* [YOUR OBJECTIVE]: Below are entries with pictures in them. Output exactly the lines starting at the line with "Fuşya Yaprak Tokalı Kibar Model Kadın Cüzdan" and ending at the line with "Alejandro Svarch expuso", both included, but not the pictures.

--

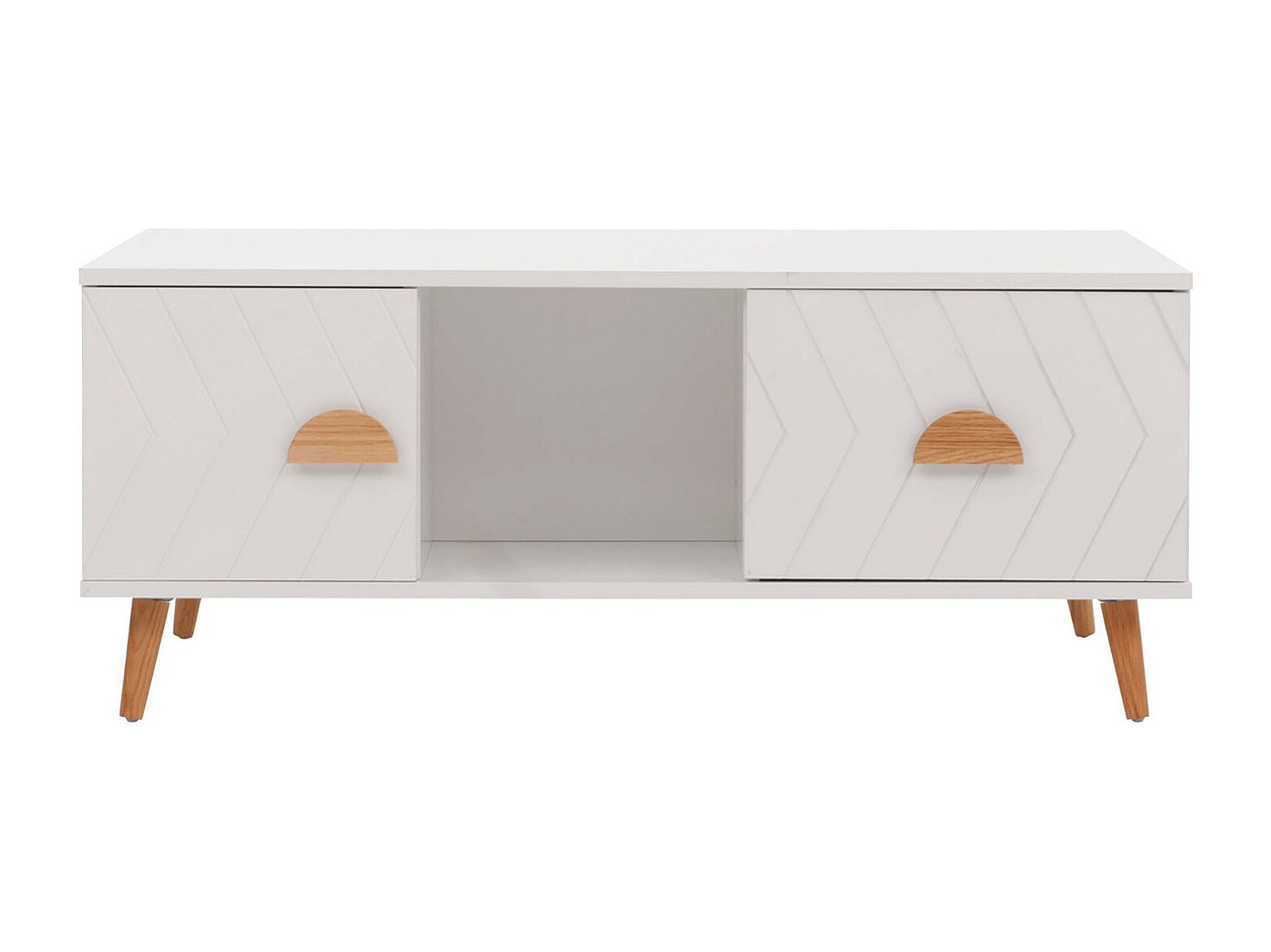 Tavolino salotto divano MCW-N89, tavolo d'appoggio, 2 cassetti in legno melaminico, 42x103x60cm ~ bianco
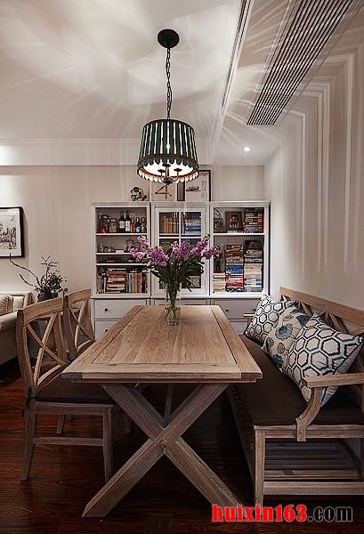本套餐厅装饰的主色彩是以浅色调为主,原木材质的餐桌造型别致,却掩盖不住其材质所散发出的自然气息,石膏板吊顶的造型设计十分具有个性,中间一盏设计感十足的吊灯更是可以彰显出时尚的气息。
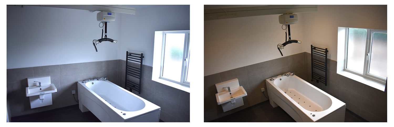 The accessible bathroom was equipped with a rise-and-fall sensory bath, rise and fall basin, and rise and fall changing plinth to meet her daily care needs. To enhance comfort and convenience, underfloor heating was installed in the therapy room, and air conditioning was added to both the adapted bedroom and therapy room to maintain a consistent and comfortable temperature, essential for the client's wellbeing.
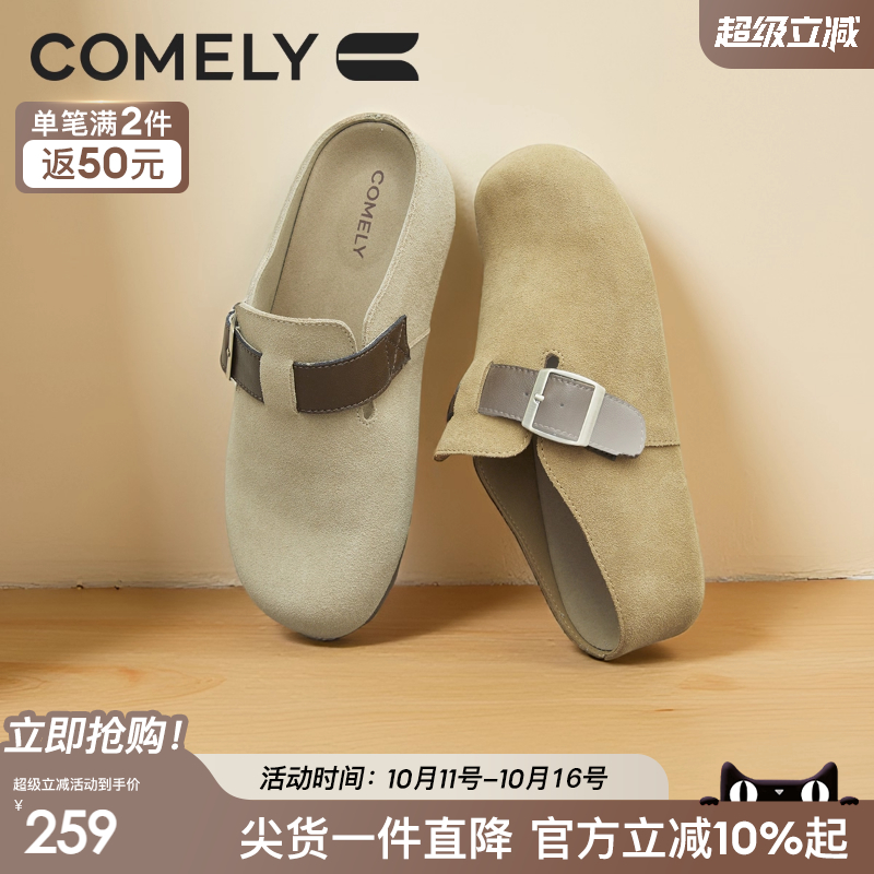 大东勃肯鞋女鞋2025秋季新款时尚平底包头女拖鞋套脚半拖鞋女单鞋
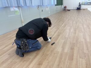 夏休み前の4日間をつかって床のクッションシートの張り替え工事を実施しました。
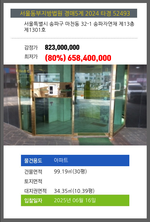 사건번호 2024 타경 52493 본건은 서울특별시 송파구 마천동 32-1 송파자연채 제13층 제1301호소재하는 아파트경매 물건의 포스팅입니다. 건물면적 [ 99.19㎡ (30평) ]대지권 [ 34.35㎡ (10.39평) ] 시세를
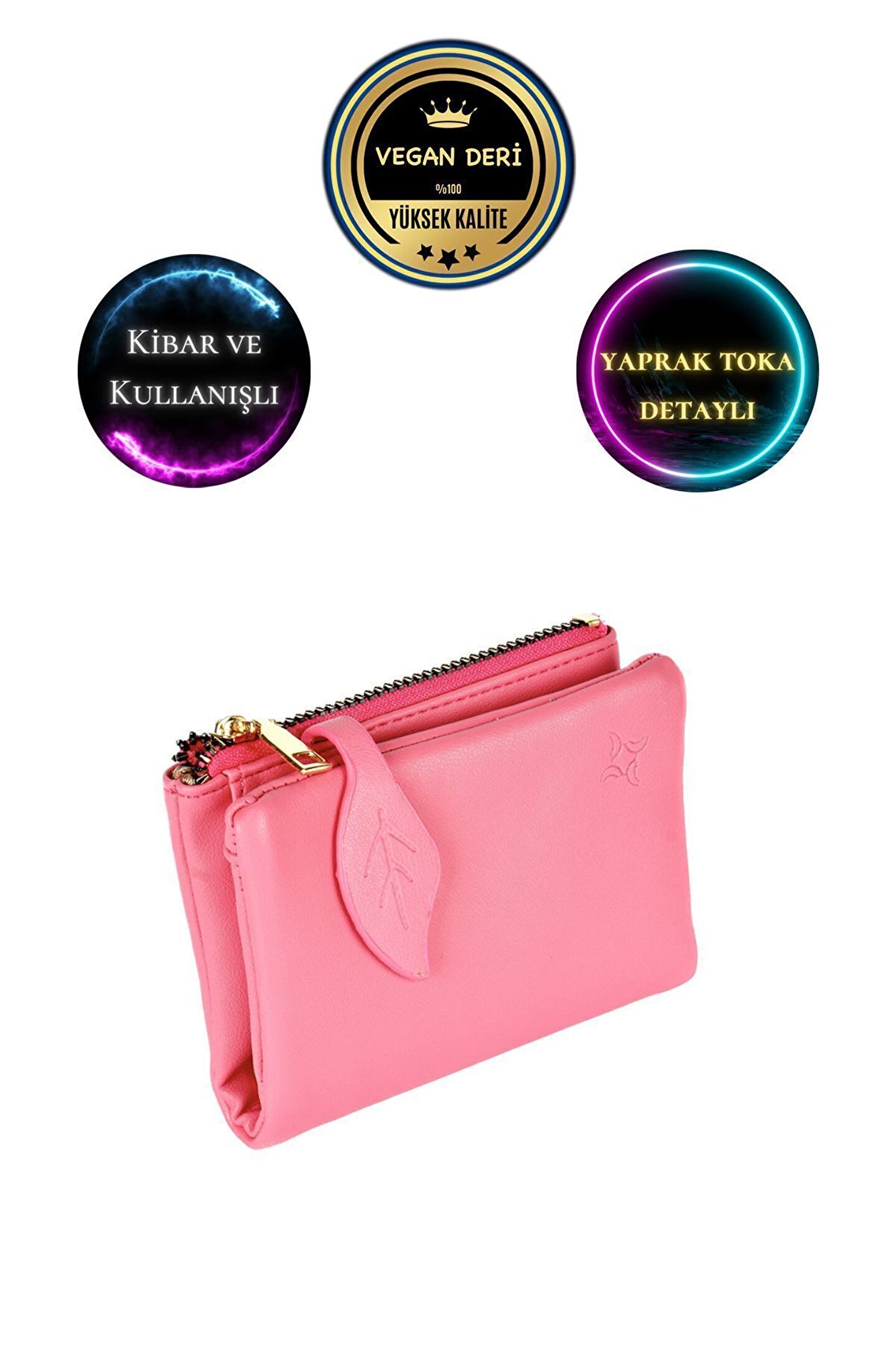 Fuşya Yaprak Tokalı Kibar Model Kadın Cüzdan
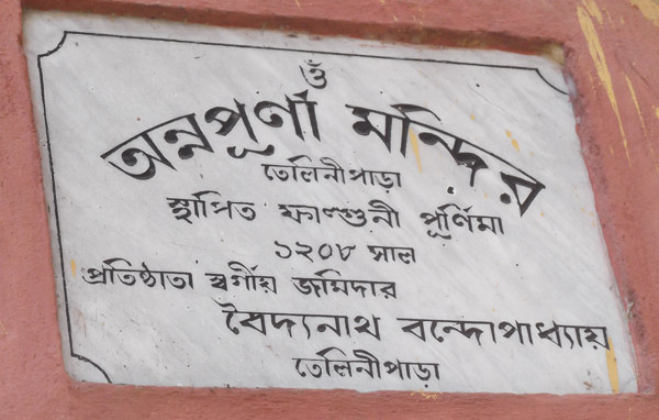 গঙ্গা বেশ কিছুটা দূরে সরে গিয়েছে। সুন্দর, প্রাচীন স্থাপত্যের জমিদারবাড়ি বহন করে চলেছে দেবত্রের বোঝা। অদূরেই মন্দির। তাতে রূপোর শিব, অষ্টধাতুর অন্নপূর্ণা। প্রবেশপথের পাশে এবং ভিতরের দেওয়ালে শ্বেতপাথরের ফলকে লেখা বাংলা ১২০৮-এ প্রতিষ্ঠা। সঙ্গে খোদাই ‘প্রতিষ্ঠাতা বর্গীয় জমিদার বৈদ্যনাথ বন্দ্যোপাধ্যায়’। দু’টি হাড়িকাঠ। একটি মোষের, অন্যটি পাঁঠার। পশুবলি বন্ধ হয়ে গেলেও ওগুলো রয়ে গিয়েছে অতীতের ঐতিহ্য হিসাবে। পুজোয় অবশ্য ও দু’টো পূজিত হয়। সিঁদুর চড়ে হাড়িকাঠে।
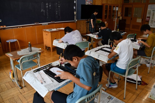 みんな静かに習字を書いていました。
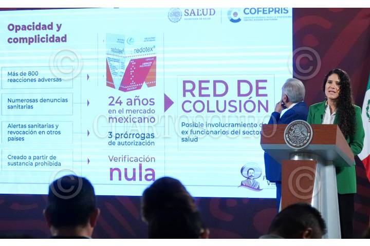Alejandro Svarch expuso el caso del medicamento Redotex durante la conferencia matutina desde Palacio Nacional.
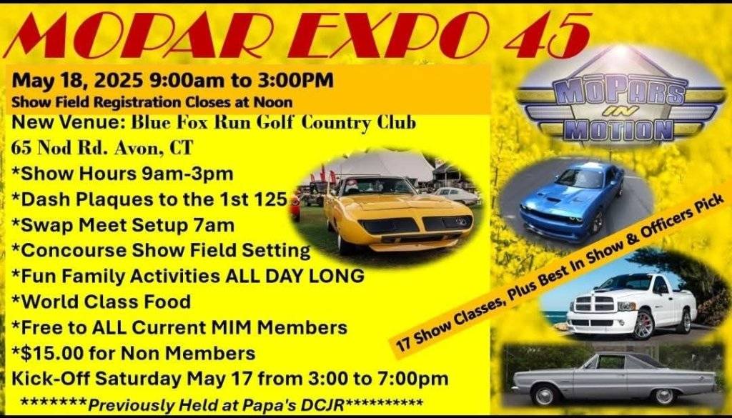 The Mopar club I belong to is having its 45th Annual Mopar Expo Cruise Night, Show, and Swap Meet on May 17th and 18th 2025 at a different location this year than previous years at a country club in Avon CT. I posted all the information below but the club will be having a cruise night on Saturday May 17th from 3PM-7PM, and the show on Sunday May 18th from 9AM to 3PM rain or shine. Paging @1968Chryslers, @cbarge, @68_fury_ragtop, @O_Knut, @Big_John, @polara71, @67valiant 100, @SIPLOWGUY, @75LandYacht, @Turboomni, @polarus, @GJS, @Yeahrightgreer, @stain, @BigCah, @Steve Triplett and anyone i'm missing. Hope you all can make it and hope to see some of you there!
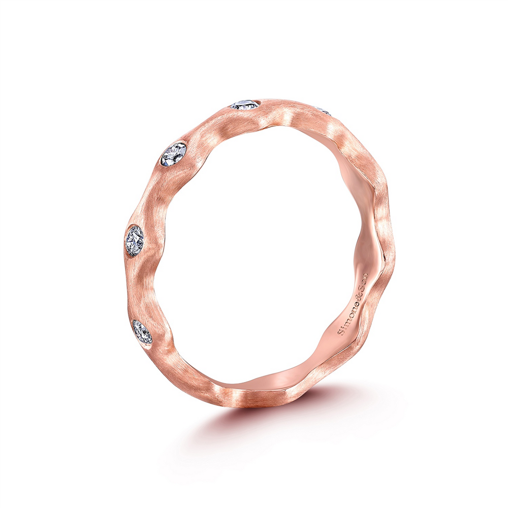 14K Rose Gold Diamond Wavy Wedding Band - 0.22ctw.

--

* [SOLUTION TO THIS EXERCISE]:
 Fuşya Yaprak Tokalı Kibar Model Kadın Cüzdan
 গঙ্গা বেশ কিছুটা দূরে সরে গিয়েছে। সুন্দর, প্রাচীন স্থাপত্যের জমিদারবাড়ি বহন করে চলেছে দেবত্রের বোঝা। অদূরেই মন্দির। তাতে রূপোর শিব, অষ্টধাতুর অন্নপূর্ণা। প্রবেশপথের পাশে এবং ভিতরের দেওয়ালে শ্বেতপাথরের ফলকে লেখা বাংলা ১২০৮-এ প্রতিষ্ঠা। সঙ্গে খোদাই ‘প্রতিষ্ঠাতা বর্গীয় জমিদার বৈদ্যনাথ বন্দ্যোপাধ্যায়’। দু’টি হাড়িকাঠ। একটি মোষের, অন্যটি পাঁঠার। পশুবলি বন্ধ হয়ে গেলেও ওগুলো রয়ে গিয়েছে অতীতের ঐতিহ্য হিসাবে। পুজোয় অবশ্য ও দু’টো পূজিত হয়। সিঁদুর চড়ে হাড়িকাঠে।
 みんな静かに習字を書いていました。
Alejandro Svarch expuso el caso del medicamento Redotex durante la conferencia matutina desde Palacio Nacional.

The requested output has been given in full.